[Dataset]
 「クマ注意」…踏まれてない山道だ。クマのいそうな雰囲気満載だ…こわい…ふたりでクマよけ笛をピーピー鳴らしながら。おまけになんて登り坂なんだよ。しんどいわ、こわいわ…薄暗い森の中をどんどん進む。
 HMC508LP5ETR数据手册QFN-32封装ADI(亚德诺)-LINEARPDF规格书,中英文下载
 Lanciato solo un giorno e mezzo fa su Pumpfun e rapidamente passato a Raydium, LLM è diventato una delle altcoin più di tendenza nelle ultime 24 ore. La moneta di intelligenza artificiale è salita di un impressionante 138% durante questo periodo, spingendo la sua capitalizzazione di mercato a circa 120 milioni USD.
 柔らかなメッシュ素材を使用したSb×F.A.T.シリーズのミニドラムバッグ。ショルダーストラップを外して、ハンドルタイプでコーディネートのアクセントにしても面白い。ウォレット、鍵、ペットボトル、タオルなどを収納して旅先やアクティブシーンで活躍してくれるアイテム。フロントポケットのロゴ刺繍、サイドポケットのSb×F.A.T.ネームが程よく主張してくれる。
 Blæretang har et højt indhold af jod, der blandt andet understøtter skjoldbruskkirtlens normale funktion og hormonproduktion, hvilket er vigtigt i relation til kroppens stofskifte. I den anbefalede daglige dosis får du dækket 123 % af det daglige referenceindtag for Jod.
[/Dataset]
[Dataset]
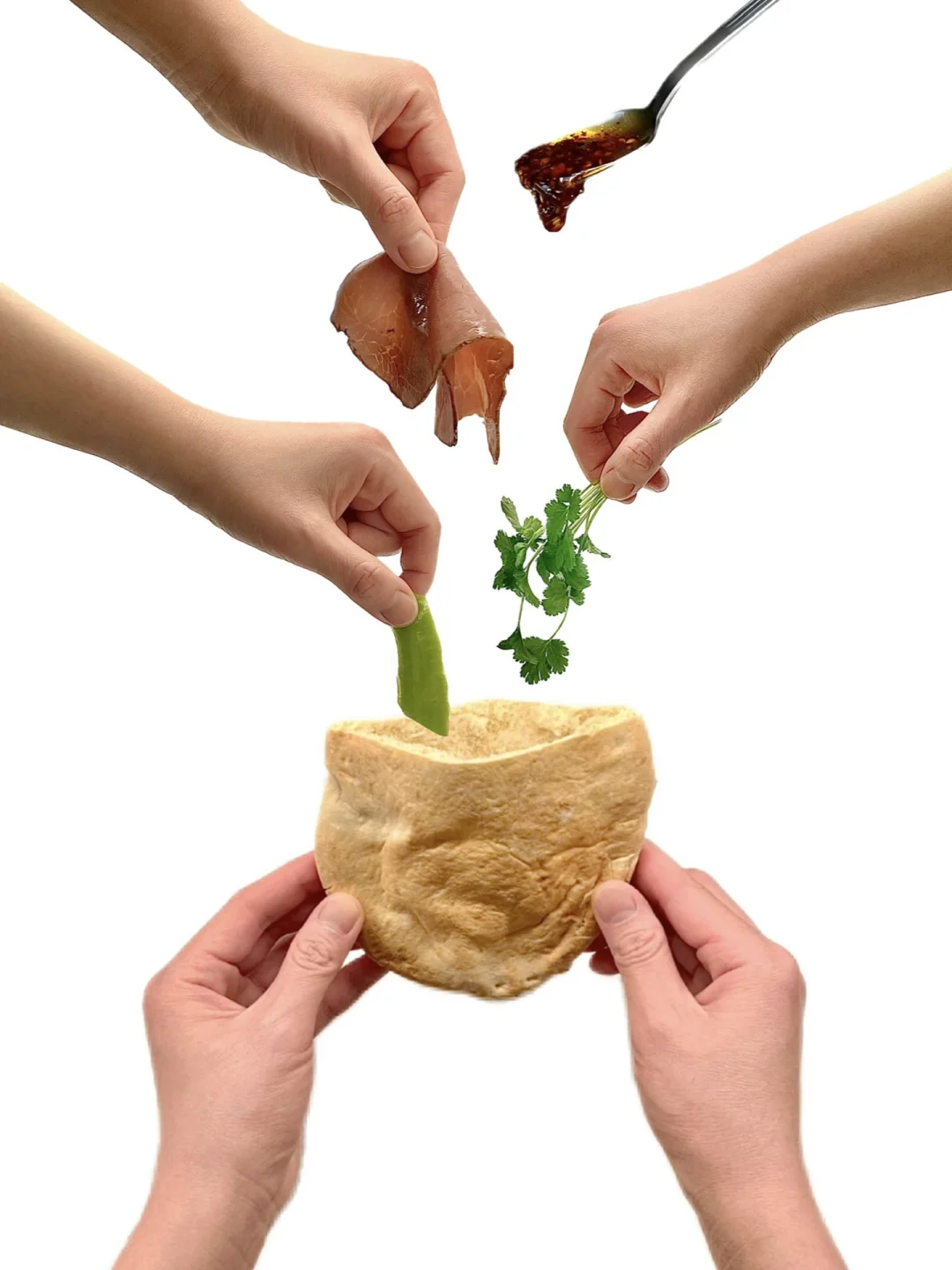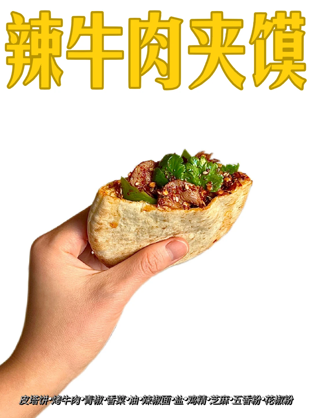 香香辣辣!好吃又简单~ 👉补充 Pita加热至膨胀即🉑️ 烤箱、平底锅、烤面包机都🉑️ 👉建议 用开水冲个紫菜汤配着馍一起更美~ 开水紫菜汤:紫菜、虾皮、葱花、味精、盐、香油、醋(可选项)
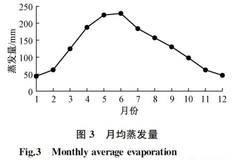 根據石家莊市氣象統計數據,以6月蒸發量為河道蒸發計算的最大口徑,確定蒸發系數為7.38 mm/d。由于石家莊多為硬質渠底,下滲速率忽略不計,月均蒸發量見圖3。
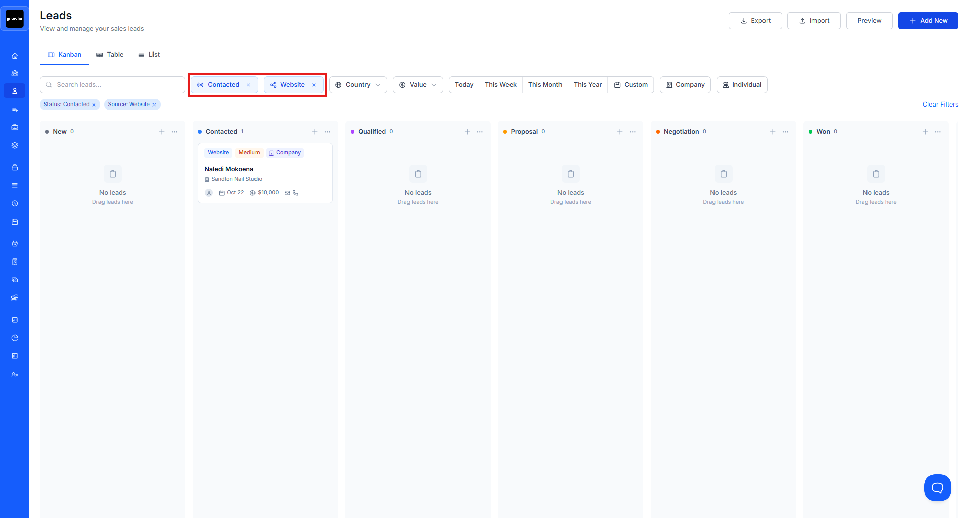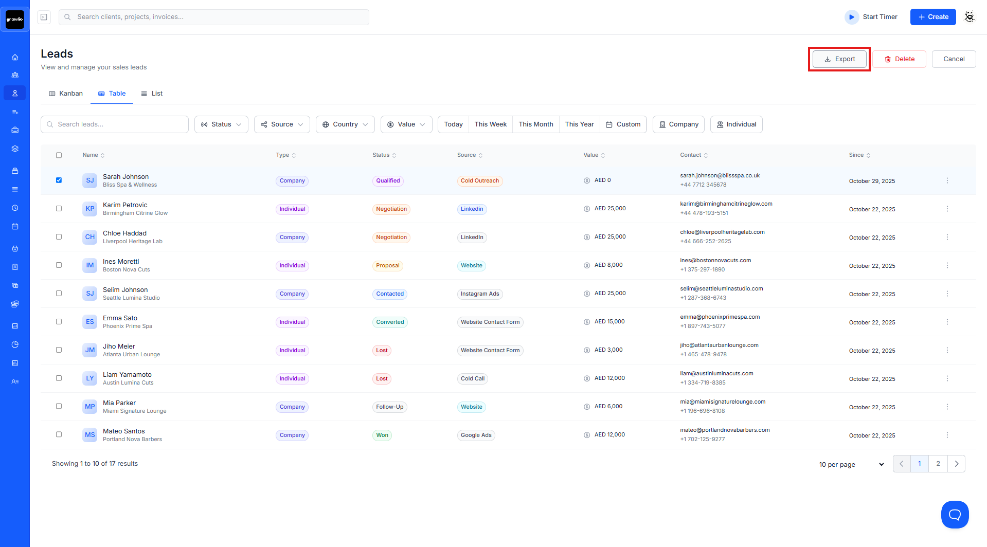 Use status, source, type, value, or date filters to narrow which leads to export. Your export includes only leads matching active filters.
[/Dataset]
[Dataset]
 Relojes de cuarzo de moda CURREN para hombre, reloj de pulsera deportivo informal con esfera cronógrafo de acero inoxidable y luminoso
[/Dataset]
> _What you need to do_
Reproduce exactly the lines of the records above from the one with "HMC508LP5ETR数据" to the one with "Blæretang har et", both included, and leave out everything else.

> _Written solution_
 HMC508LP5ETR数据手册QFN-32封装ADI(亚德诺)-LINEARPDF规格书,中英文下载
 Lanciato solo un giorno e mezzo fa su Pumpfun e rapidamente passato a Raydium, LLM è diventato una delle altcoin più di tendenza nelle ultime 24 ore. La moneta di intelligenza artificiale è salita di un impressionante 138% durante questo periodo, spingendo la sua capitalizzazione di mercato a circa 120 milioni USD.
 柔らかなメッシュ素材を使用したSb×F.A.T.シリーズのミニドラムバッグ。ショルダーストラップを外して、ハンドルタイプでコーディネートのアクセントにしても面白い。ウォレット、鍵、ペットボトル、タオルなどを収納して旅先やアクティブシーンで活躍してくれるアイテム。フロントポケットのロゴ刺繍、サイドポケットのSb×F.A.T.ネームが程よく主張してくれる。
 Blæretang har et højt indhold af jod, der blandt andet understøtter skjoldbruskkirtlens normale funktion og hormonproduktion, hvilket er vigtigt i relation til kroppens stofskifte. I den anbefalede daglige dosis får du dækket 123 % af det daglige referenceindtag for Jod.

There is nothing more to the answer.